On Chromium’s bug tracker, Hill notes that Google’s proposed changes mean, among other things, that extensions are no longer allowed to use the webRequest API in “block mode.” This api can then only be used to observe things. Adblockers and other content-blocking extensions are only allowed to use the declarativeNetRequest API if the draft changes are actually implemented.

This declarativeNetRequest API uses an algorithm and filtering system that Hill claims is similar to that of Adblock Plus. He describes this ad blocker as ‘quite limited’, partly because it has a limit of 30,000 filters. That’s less than the 42,000 filters on EasyList’s list.

Hill’s ad blockers uBlock Origin and uMatrix use a different algorithm and have components that are incompatible with the declarativeNetRequest API. He also states that the api makes it impossible to come up with innovative filter engine designs, because the api is only based on the Adblock Plus system. Hill believes that this may make the designation user agent no longer applicable to Chromium.

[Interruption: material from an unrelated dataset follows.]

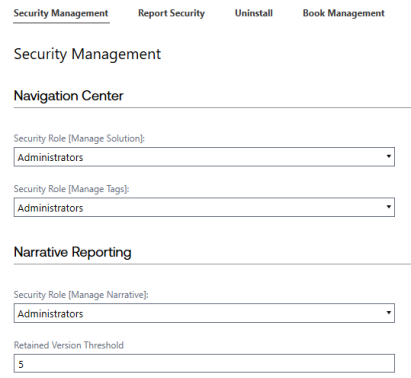 Security Role [Manage Narrative]: Determines which security group can manage narrative books
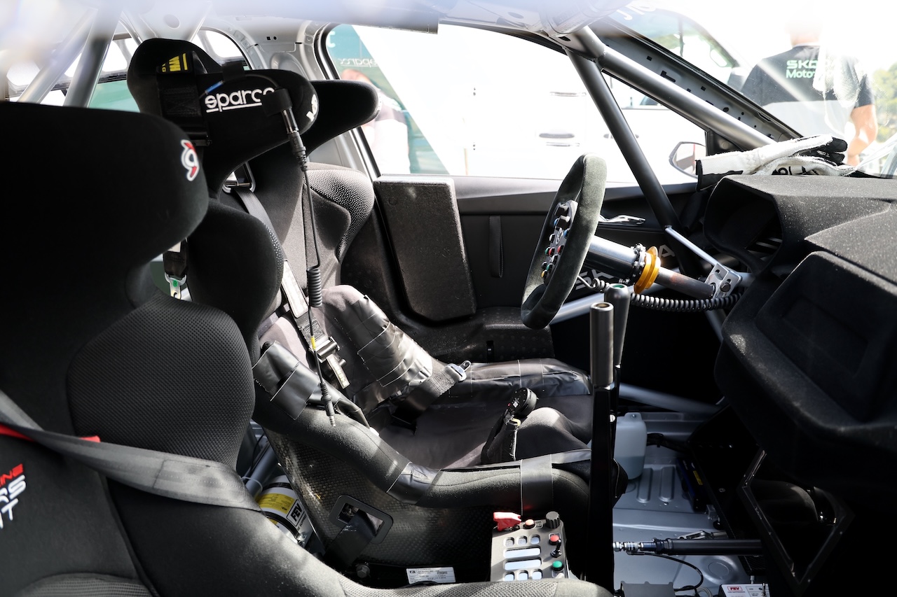 Sous le capot de cette Fabia bodybuildée dont la coque a fait l’objet d’un travail d’expert avec l’intégration d’un arceau cage imposant, on trouve un bloc 4 cylindres 1.6 turbo dérivé du 2.0 TSI du groupe Volkswagen que l’on trouve sous les capots de l’Octavia RS mais aussi de la VW Golf GTi ou encore de l’Audi S3. Avec près de 290 ch et 430 Nm de couple dans cette version WRC2, une boîte séquentielle à 5 rapports, une transmission intégrale mécanique et des trains roulants spécifiques, tout ici respire la performance. Pesant à peine 1 230 kg sur la balance, on sent bien que chaque détail est pensé pour gagner des dixièmes et disons même des secondes.

Implementing the change in this way would increase the speed at which web pages load in Chrome, as extensions can only use the webRequest API to ‘watch’. Chrome no longer has to wait to load a page until the extension has weighed what should or should not be blocked. With the declarativeNetRequest API, the adblockers have to tell Chrome what to block, after which Chrome handles the blocking without waiting for adblockers to handle it.

Google says the proposed changes in the form of setting the declarativeNetRequest API are intended to increase performance, improve security, and ensure better privacy protection. The choice for adblockers to work in line with the Adblock Plus system may also be related to a 2015 Financial Times report in which the business newspaper claimed that Google and Microsoft paid Adblock Plus to whitelist ads.